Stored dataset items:
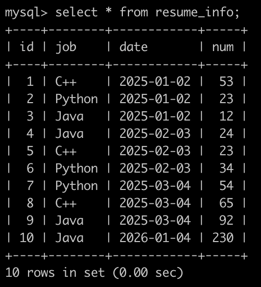 最后1行表示,在2026年1月4号,Java岗位收到了230封简历
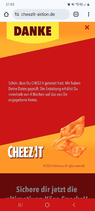 Bon mit Cheez-It Aktionspackung aufbewahren und ab dem 01.09.2025 hier einlösen!“ Bin mal neugierig, ob der eingelöst wird. Hört sich doch so an, als ob man schon kaufen könnte.
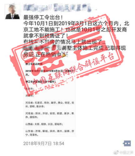 该说法是有关房产销售人士对《京津冀及周边地区2018-2019年秋冬季大气污染综合治理攻坚行动方案》(征求意见稿)的错误解读。
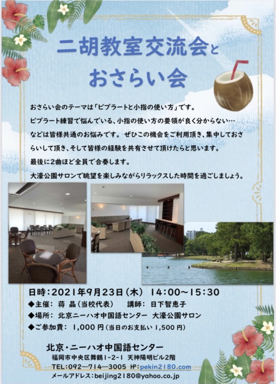 また、皆様に更に「二胡」を深めていただきたく来月は「二胡教室交流会とおさらい会」を企画致しました。こちらの会ではビブラートと小指の使い方を中心に進め、最後に全員での合奏も行います。交流会も行いますので、非常に楽しい雰囲気の中で二胡を楽しんでいただけると思います。
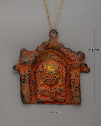 Additionally, the necklace around his neck emphasizes his protective nature, and the artistic detailing around the figure adds depth and spiritual meaning. The locket’s copper material gives it a sense of warmth to its appearance. The size of 13.5 cm in height and 14 cm in width makes it perfect for a wall hanging or pendant, creating a bold and spiritual presence in any space. The combination of rich textures, vivid design, and spiritual symbolism makes this locket an excellent addition to any collection of sacred or decorative items.
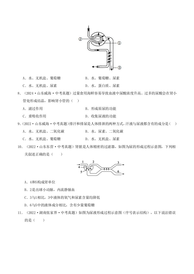 七下冀少生物 第四章 泌尿系统与废物排出(单元卷·考点卷)(2大考点)(含答案)QXSWJS-0156
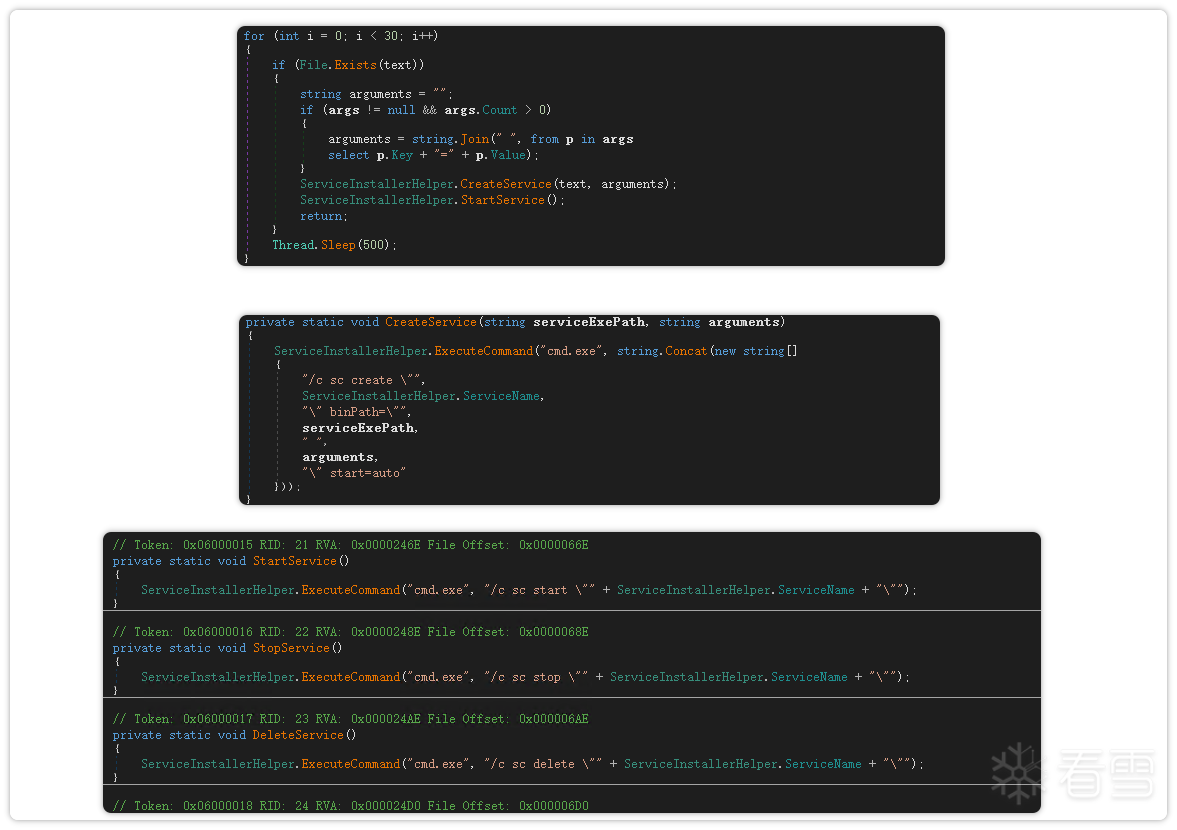 之后创建安装服务:先将 Base64 编码的服务文件解码并释放到本地,再通过 CMD 命令行创建并执行该服务。
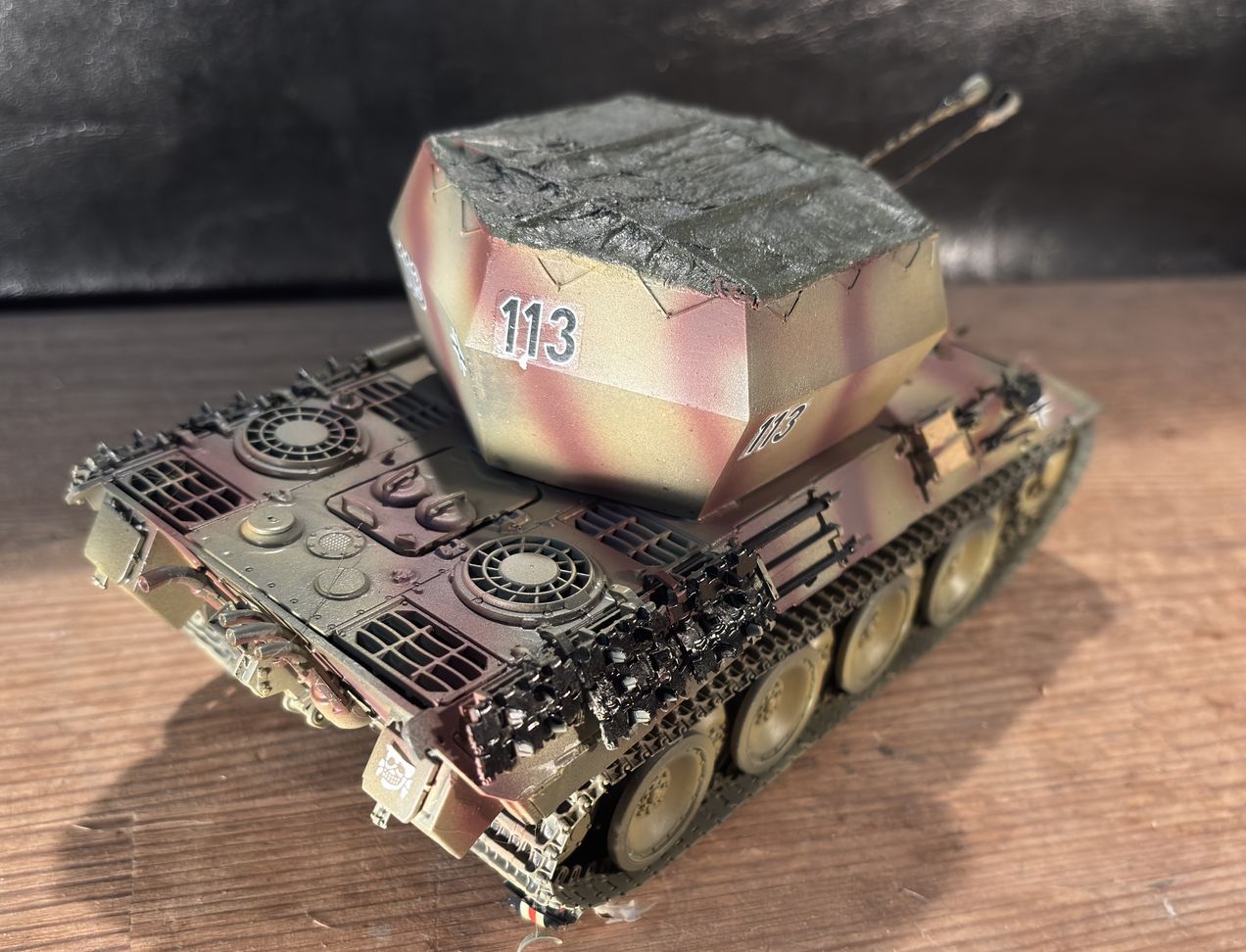 ペーパープランに終わった車両ですが、天蓋クローズドとオープントップとあり本品は擬装網をかけられたオープントップ車両に仕立てるレジンキットをコンバージョンパーツに使ってます。
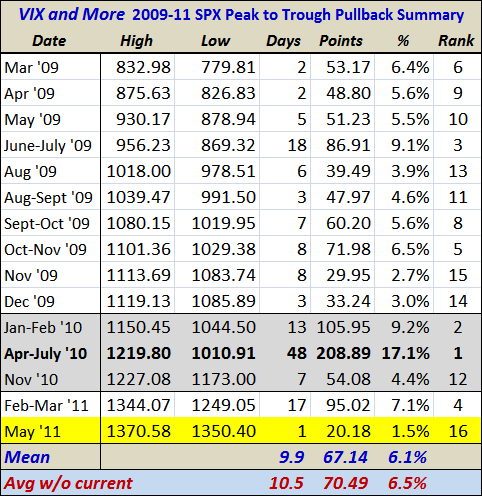 En el presente mercado alcista nacido en marzo de 2009, la media de la duración de las correcciones ha sido de 10 sesiones, pero ciertas correcciones han durado casi 20 sesiones e incluso la más grande corrección de todas desde mayo hasta julio de 2010 duró 48 sesiones o dos meses y medio.
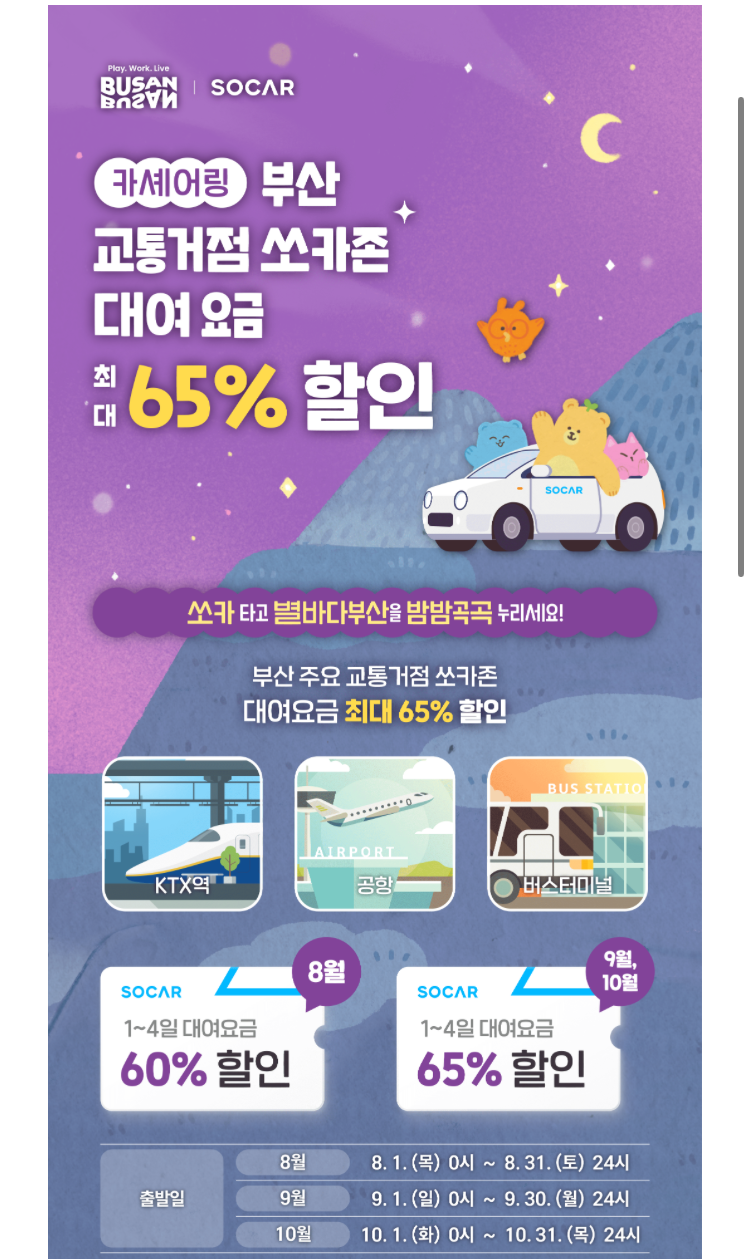 현재 숙박과 KTX 와 연계된 할인혜택이 있으니 이용계획이 있으시다면, 반드시 이 혜택과 함께 쏘카를 이용해보시는걸 추천드립니다!!

Exercise goal
Transcribe the entries above word for word, but leave every picture out of your copy.

Answer to this problem
 最后1行表示,在2026年1月4号,Java岗位收到了230封简历
 Bon mit Cheez-It Aktionspackung aufbewahren und ab dem 01.09.2025 hier einlösen!“ Bin mal neugierig, ob der eingelöst wird. Hört sich doch so an, als ob man schon kaufen könnte.
 该说法是有关房产销售人士对《京津冀及周边地区2018-2019年秋冬季大气污染综合治理攻坚行动方案》(征求意见稿)的错误解读。
 また、皆様に更に「二胡」を深めていただきたく来月は「二胡教室交流会とおさらい会」を企画致しました。こちらの会ではビブラートと小指の使い方を中心に進め、最後に全員での合奏も行います。交流会も行いますので、非常に楽しい雰囲気の中で二胡を楽しんでいただけると思います。
 Additionally, the necklace around his neck emphasizes his protective nature, and the artistic detailing around the figure adds depth and spiritual meaning. The locket’s copper material gives it a sense of warmth to its appearance. The size of 13.5 cm in height and 14 cm in width makes it perfect for a wall hanging or pendant, creating a bold and spiritual presence in any space. The combination of rich textures, vivid design, and spiritual symbolism makes this locket an excellent addition to any collection of sacred or decorative items.
 七下冀少生物 第四章 泌尿系统与废物排出(单元卷·考点卷)(2大考点)(含答案)QXSWJS-0156
 之后创建安装服务:先将 Base64 编码的服务文件解码并释放到本地,再通过 CMD 命令行创建并执行该服务。
 ペーパープランに終わった車両ですが、天蓋クローズドとオープントップとあり本品は擬装網をかけられたオープントップ車両に仕立てるレジンキットをコンバージョンパーツに使ってます。
 En el presente mercado alcista nacido en marzo de 2009, la media de la duración de las correcciones ha sido de 10 sesiones, pero ciertas correcciones han durado casi 20 sesiones e incluso la más grande corrección de todas desde mayo hasta julio de 2010 duró 48 sesiones o dos meses y medio.
 현재 숙박과 KTX 와 연계된 할인혜택이 있으니 이용계획이 있으시다면, 반드시 이 혜택과 함께 쏘카를 이용해보시는걸 추천드립니다!!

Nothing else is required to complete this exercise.